Тогда отец, рассвирепевший до последней степени, подскочил к Карюшке и ударил ее с размаху рукояткой по лбу. Лошадь шарахнулась в сторону, выскочив из постромок, и задрожала всем телом.

– Гони! – ревел отец.

Я бил лошадь, отец бил меня, и все мы тряслись.

Схватив обеими руками вилы, отец обернул их рожками вперед и, выпучив глаза, как исступленный, всадил их в спину лошади.

Карюшка заржала, опускаясь на зад, как садится собака, и оскалила зубы. Я кувырком полетел на землю.

– А-а-а!.. – захрипел отец, выдергивая вилы и опускаясь рядом с лошадью.

– Батюшки мои, что я наделал? – сказал он через минуту и схватился за голову.

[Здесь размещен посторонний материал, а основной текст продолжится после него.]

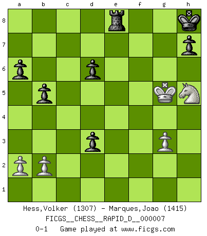 Last move : 0-1 2008 July 21 14:26:32 [Event "FICGS__CHESS__RAPID_D__000007"] [Site "FICGS"] [Date "2008.06.23"] [Round "1"] [White "Hess,Volker"] [Black "Marques,Joao"] [Result "0-1"] [WhiteElo "1307"] [BlackElo "1415"] 1.e4 e5 2.Nf3 Nc6 3.Bb5 Nf6 4.O-O d6 5.Re1 Bd7 6.c3 Be7 7.d4 exd4 8.cxd4 O-O 9.Nc3 a6 10.Ba4 b5 11.Bc2 Bg4 12.Bg5 Bxf3 13.Qxf3 Nxd4 14.Qd3 Nxc2 15.Qxc2 c5 16.Bxf6 Bxf6 17.Nd5 Bd4 18.Qe2 Re8 19.Rab1 f5 20.Qh5 fxe4 21.Nf4 e3 22.Qd5+ Kh8 23.Rf1 exf2+ 24.Rxf2 Bxf2+ 25.Kxf2 Qh4+ 26.g3 Qxh2+ 27.Kf3 Qh6 28.Re1 Qf6 29.Rxe8+ Rxe8 30.Kg4 g5 31.Nh5 Qd4+ 32.Qxd4+ cxd4 33.Kxg5 d3 0-1 Ruy Lopez : Berlin defense, 4.O-O, d6 Kingside Castling by player White (move 4) Kingside Castling by player Black (move 8) Player Black won this chess game. Follow this game move after move (download)No other master has such a terrific will to win. At the board he radiates danger, and even the strongest opponents tend to freeze, like rabbits when they smell a panther. Even his weaknesses are dangerous. As white, his opening game is predictable - you can make plans against it - but so strong that your plans almost never work. In the middle game his precision and invention are fabulous, and in the end game you simply cannot beat him. (Anonymous German Expert) Nicht daß Diemer aus Opportunismus Mitglied der NSDAP geworden wäre. Er war ein Fanatiker, in allem, was er tat. (Hans Ree) No hay precio que no valga la pena por la cabellera del Rey enemigo. (Koblentz) Les échecs sont un jeu terrible. Si vous n'avez pas le centre, votre adversaire a une position plus libre. Par contre, si vous avez le centre, alors vous avez vraiment quelque chose pour laquelle vous inquiéter ! (Siegbert Tarrasch) You think that education is too expensive ? Try ignorance. (Derek Bok)
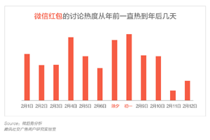 討論熱度數(shù)據(jù)顯示,“微信紅包”的社交聲量持續(xù)高漲,“QQ紅包”的社交聲量在除夕和初一出現(xiàn)峰值,有用戶表示“商家和明星噱頭十足!“,“雖然qq刷紅包刷到手軟,但是?。?!我還是很開心的?。?!”。

– Что я наде-елал!.. – повторял он. – Ваньтя, что я наде-елал?.. – и стал рвать на себе волосы. – Старый дурак!

VII

Осенью, перед Покровом, я сказал матери:

– Все ребята собираются в училище, надо и мне идти.

– Что же, ступай, – ответила она. – Не мал ли ты?

Я ответил:

– Ничего, пойду: есть которые меньше меня.

– Вот тебя там вышколят, – постращала сестра. – Учитель-то, сказывают, сердитый: как чуть что – так розгами.

– А ты как же хочешь: на то и ученье! Читать, девка, штука не легкая.

В воскресенье, после обедни, сходили на молебен, а утром, чуть свет, к нам в избу прибежали: Мишка Немченок, Тимоха, Калебан и Мавруша Титова.

– Эй, барии Осташков, еще храпака воздаешь? – загалдели они. – Пора, вставай!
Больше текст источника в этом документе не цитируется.